In adulthood, this All-American Boy becomes the hero and protector of Metro City - as, appropriately, Metro Man (voiced by Brad Pitt), eschewing Superman's gaudy primary colors for a more minimalist ensemble, a single "M" blazed across a costume of immaculate white. Adding to the comical largesse of the character's image, the town's recently unveiled Metro Man statue is an amusing send-up of the iconic Atlas statue in Rockefeller Center.

His entire existence seems to revolve around saving the citizens of his city from the sinister and elaborate plans of Megamind (voiced by Will Ferrell), who is basically a very unsuccessful large-scale prankster-slash-terrorist.

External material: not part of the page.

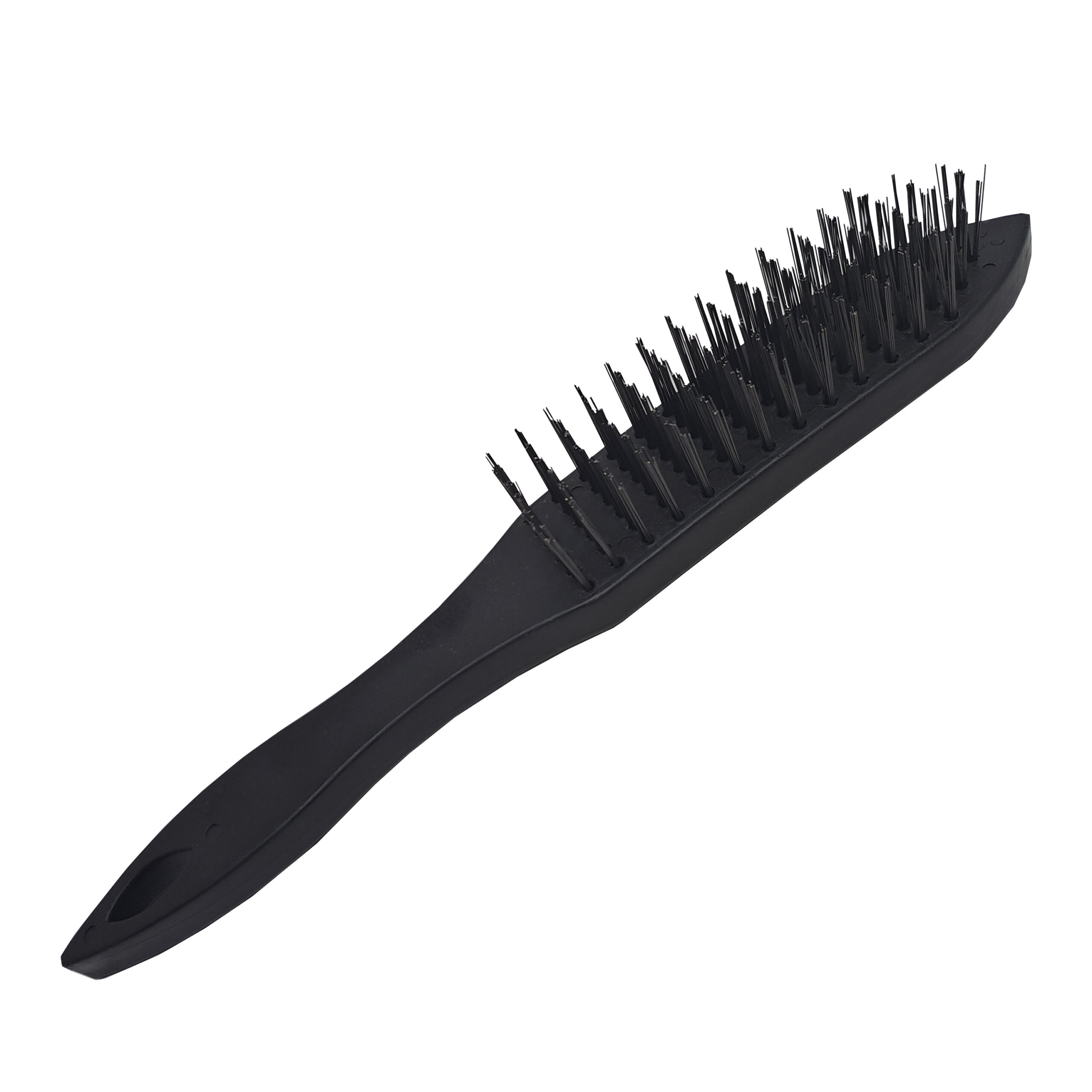 Black Steel Brush With Scraper used for corrosion, contaminants and paint coatings removal from metal and other surfaces. Convenient usage,designed with plastic ergonomic handle.For cleaning all rough surfaces on a range of materials to remove paint, dirt, rust and stubborn deposits.Convenient usage,designed with plastic ergonomic handle.

Or, to look at it another way, Metro Man's life consists of helping fight the monster he helped create, solving crises that could have been completely avoided had he only been a little nicer to his childhood counterpart. (A point, I might add, that the film never really examines beyond the first 20 minutes.)

As for Megamind, his entire life revolves around destroying Metro Man . . . which, when early in the film he finally accomplishes - to even his own stunning surprise - leaves him in complete control of Metro City, and therefore without any reason for being.

The main problem with Megamind from that point on is that we realize it plays much better as a loose parody of superhero films than it does as its own superhero (er, supervillain) film. Once it gets into its formulaic plot machinations, it runs out of steam and ends up resembling pretty much every other DreamWorks Animation movie. The bulk of the film's most interesting development - a depressed Megamind's complicated scheme to create a superhero for him to fight - is handled in a bland and disappointing montage, almost as if we're supposed to be in a rush to get to an action-packed third act.

And even that character, Titan (voiced by Jonah Hill), seems like a knock-off of the much more fully realized Syndrome - the spurned child-turned-villain from The Incredibles - not only in personality and character details, but hairstyle, too.

The underwhelming Titan storyline - which takes up the entire second half of Megamind - turns what would have been a good movie into kind of a frustrating action/parody hybrid that ignores what it does best in favor of fulfilling the most basic of genre expectations.

There are still some great touches thrown in - like Megamind's hilariously pretentious mispronunciation of words (he pronounces Metro City as a combination of "Metropolis" and "atrocity"), or his one-line explanation of what separates a villain from a supervillain, or the "No You Can't" posters - and the voice cast, including the great Tina Fey as perennial kidnap victim Roxanne Ritchie, does a fine job. But too often we get the feeling we're watching a paint-by-numbers action-comedy instead of a movie comfortable in its own skin.